_Problem requirements_: Word for word, write the records out again, but omit each picture.

Data provided section start

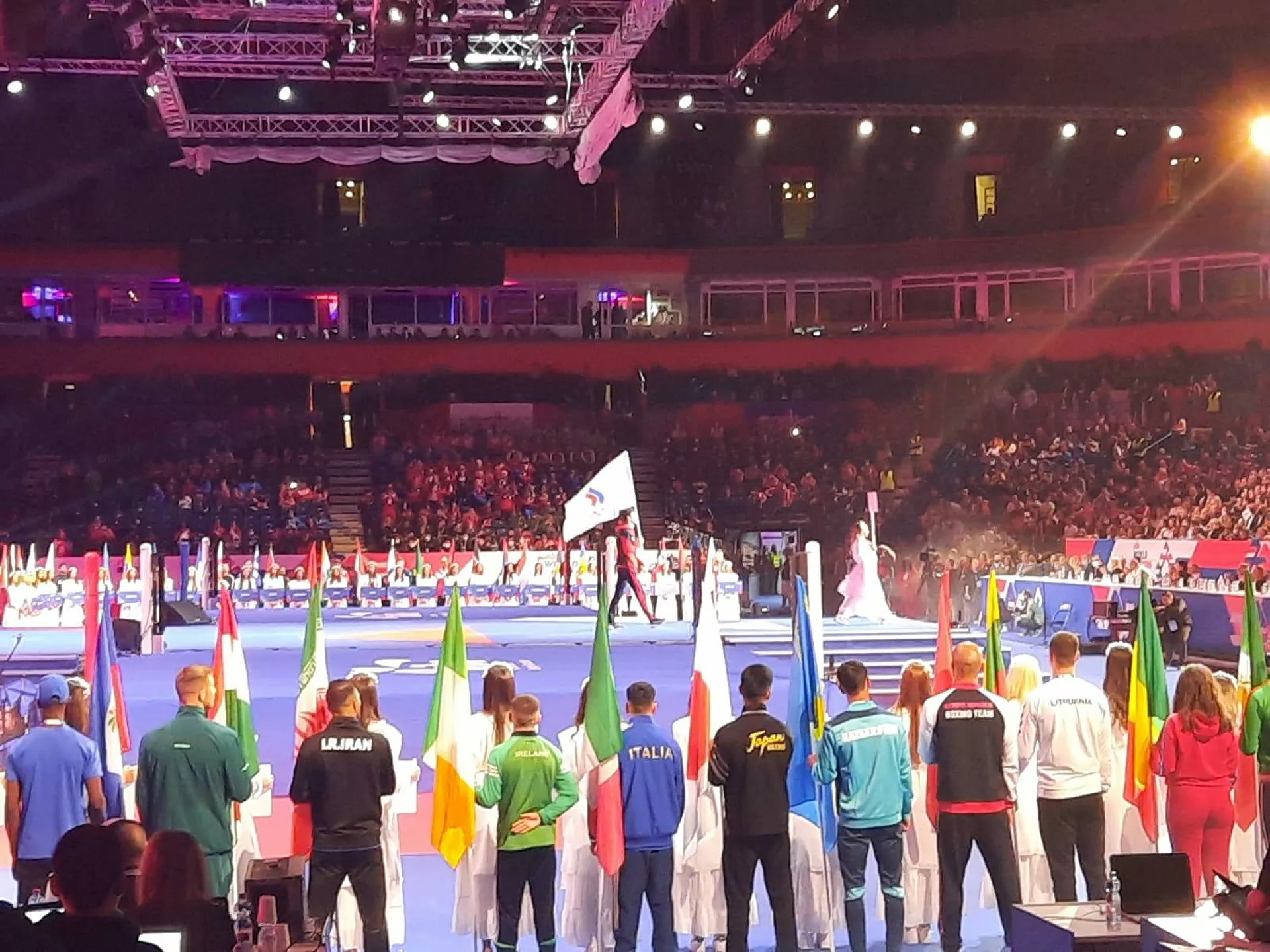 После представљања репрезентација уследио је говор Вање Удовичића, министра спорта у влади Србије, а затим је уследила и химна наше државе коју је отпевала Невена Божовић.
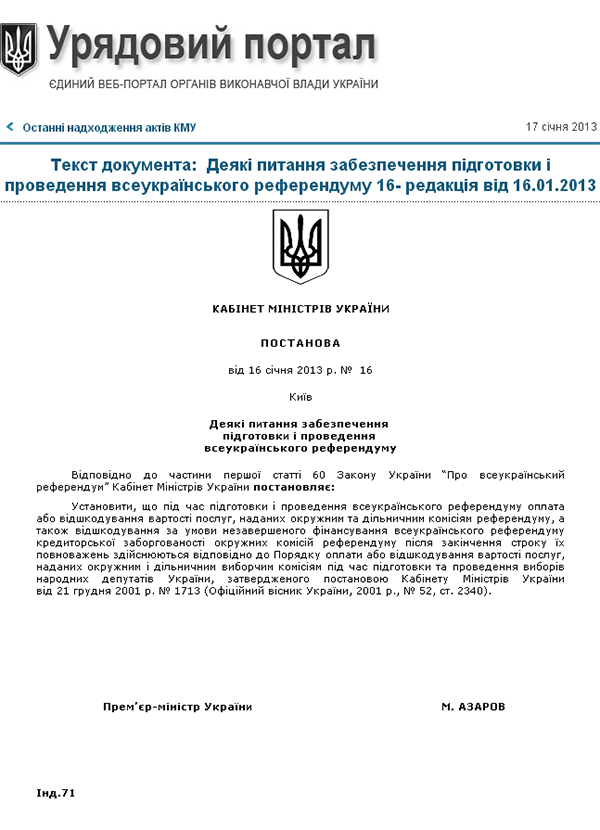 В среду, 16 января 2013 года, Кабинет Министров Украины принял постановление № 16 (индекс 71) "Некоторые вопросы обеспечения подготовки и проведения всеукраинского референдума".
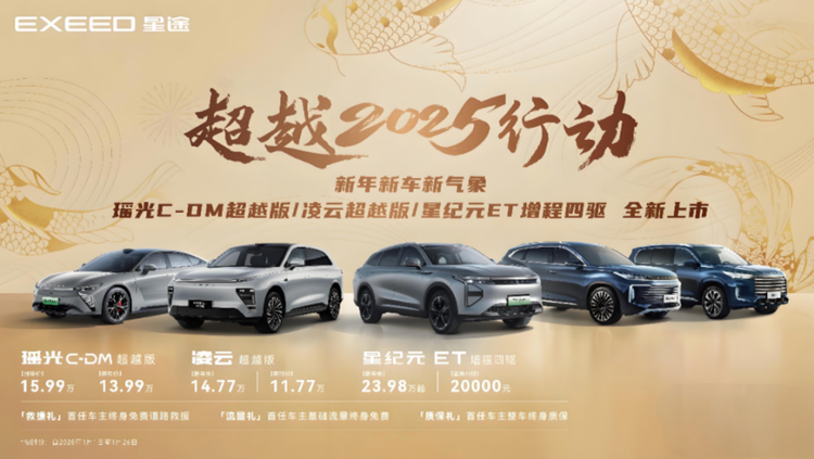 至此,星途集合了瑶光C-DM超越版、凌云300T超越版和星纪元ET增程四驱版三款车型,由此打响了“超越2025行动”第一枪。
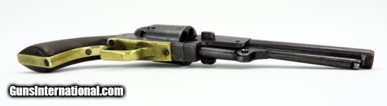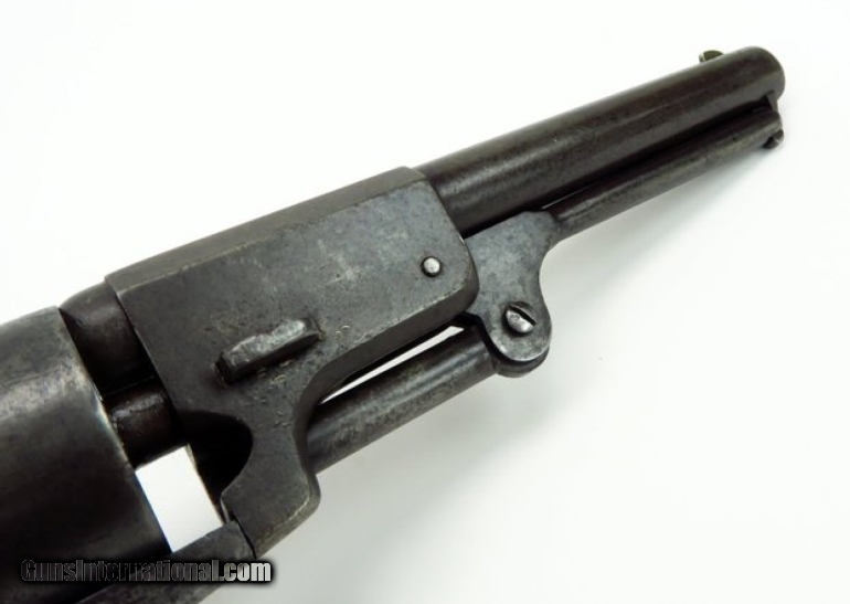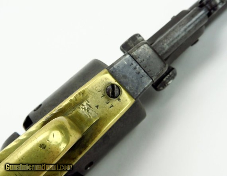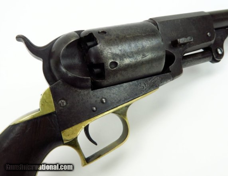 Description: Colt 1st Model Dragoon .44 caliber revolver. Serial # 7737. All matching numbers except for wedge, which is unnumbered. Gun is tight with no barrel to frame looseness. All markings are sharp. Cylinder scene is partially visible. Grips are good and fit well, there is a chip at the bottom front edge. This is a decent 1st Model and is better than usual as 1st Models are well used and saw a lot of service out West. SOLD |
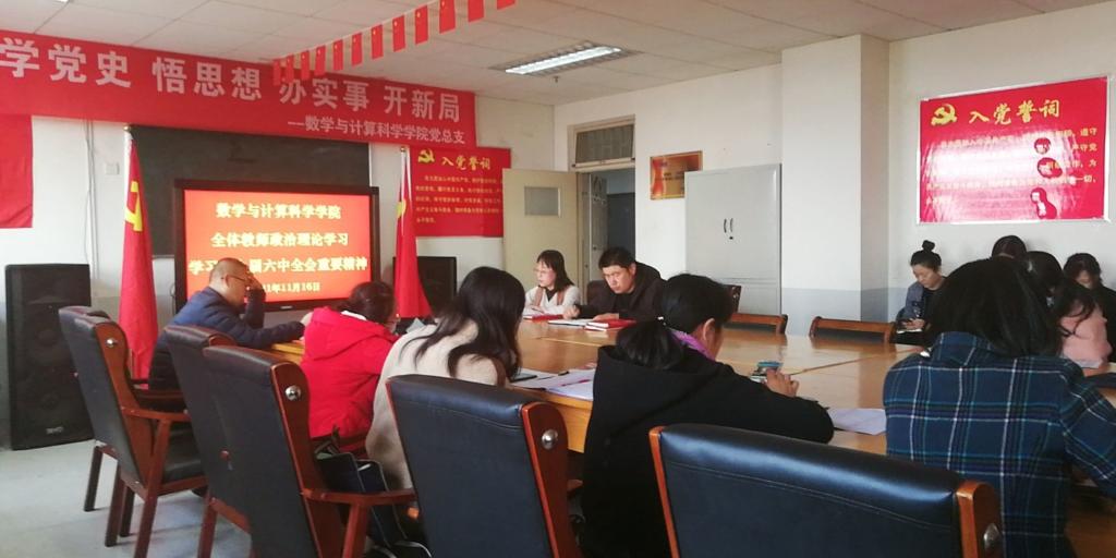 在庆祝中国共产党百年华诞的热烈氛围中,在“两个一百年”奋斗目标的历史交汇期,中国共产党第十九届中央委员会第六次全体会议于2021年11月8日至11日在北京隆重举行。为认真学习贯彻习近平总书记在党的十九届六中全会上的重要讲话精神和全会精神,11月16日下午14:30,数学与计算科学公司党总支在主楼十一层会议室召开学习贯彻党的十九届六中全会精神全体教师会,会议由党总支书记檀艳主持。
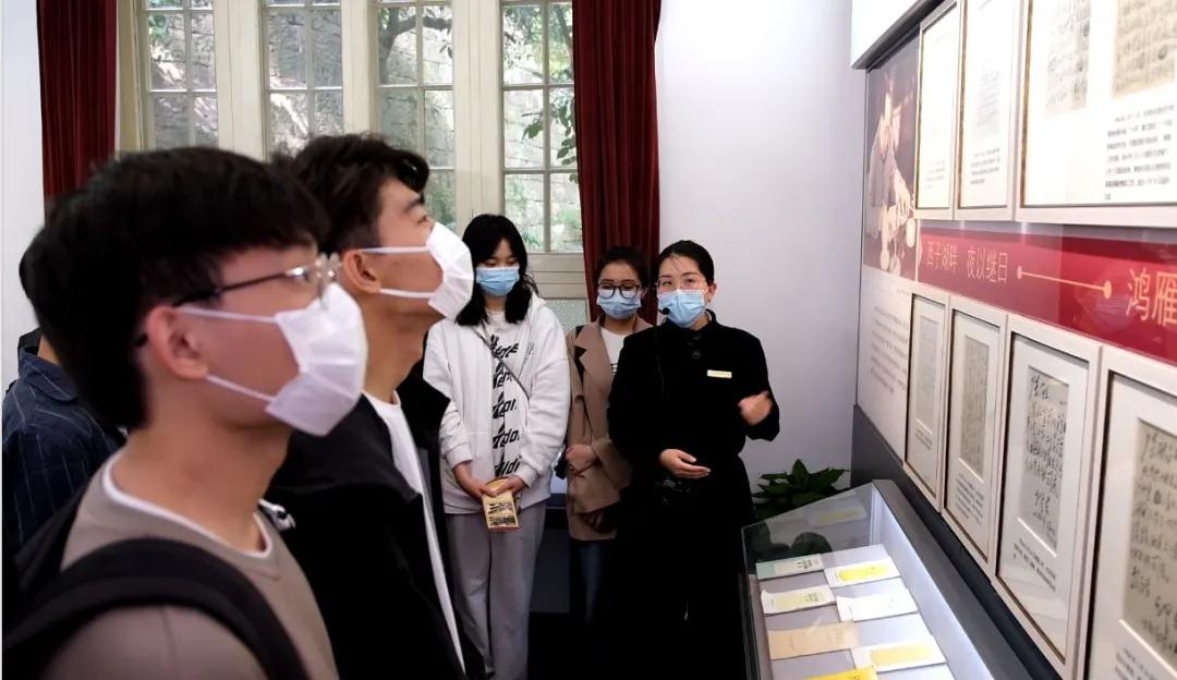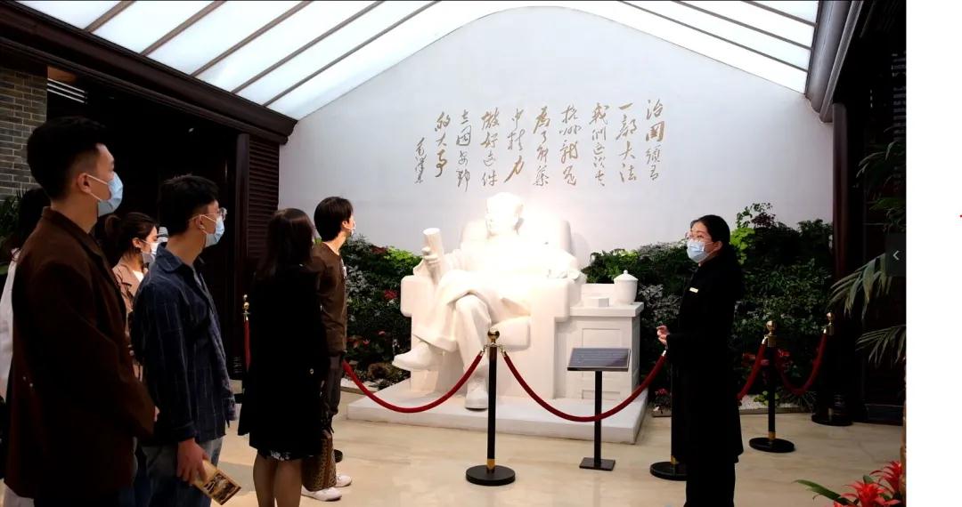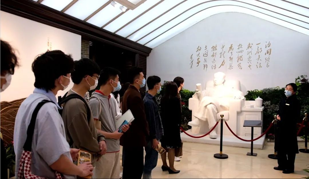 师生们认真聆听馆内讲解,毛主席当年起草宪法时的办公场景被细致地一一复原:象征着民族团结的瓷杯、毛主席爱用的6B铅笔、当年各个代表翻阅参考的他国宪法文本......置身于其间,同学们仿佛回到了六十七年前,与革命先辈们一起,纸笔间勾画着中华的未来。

Data provided section end

_Answer space_:
 После представљања репрезентација уследио је говор Вање Удовичића, министра спорта у влади Србије, а затим је уследила и химна наше државе коју је отпевала Невена Божовић.
 В среду, 16 января 2013 года, Кабинет Министров Украины принял постановление № 16 (индекс 71) "Некоторые вопросы обеспечения подготовки и проведения всеукраинского референдума".
 至此,星途集合了瑶光C-DM超越版、凌云300T超越版和星纪元ET增程四驱版三款车型,由此打响了“超越2025行动”第一枪。
 Description: Colt 1st Model Dragoon .44 caliber revolver. Serial # 7737. All matching numbers except for wedge, which is unnumbered. Gun is tight with no barrel to frame looseness. All markings are sharp. Cylinder scene is partially visible. Grips are good and fit well, there is a chip at the bottom front edge. This is a decent 1st Model and is better than usual as 1st Models are well used and saw a lot of service out West. SOLD |
 在庆祝中国共产党百年华诞的热烈氛围中,在“两个一百年”奋斗目标的历史交汇期,中国共产党第十九届中央委员会第六次全体会议于2021年11月8日至11日在北京隆重举行。为认真学习贯彻习近平总书记在党的十九届六中全会上的重要讲话精神和全会精神,11月16日下午14:30,数学与计算科学公司党总支在主楼十一层会议室召开学习贯彻党的十九届六中全会精神全体教师会,会议由党总支书记檀艳主持。
 师生们认真聆听馆内讲解,毛主席当年起草宪法时的办公场景被细致地一一复原:象征着民族团结的瓷杯、毛主席爱用的6B铅笔、当年各个代表翻阅参考的他国宪法文本......置身于其间,同学们仿佛回到了六十七年前,与革命先辈们一起,纸笔间勾画着中华的未来。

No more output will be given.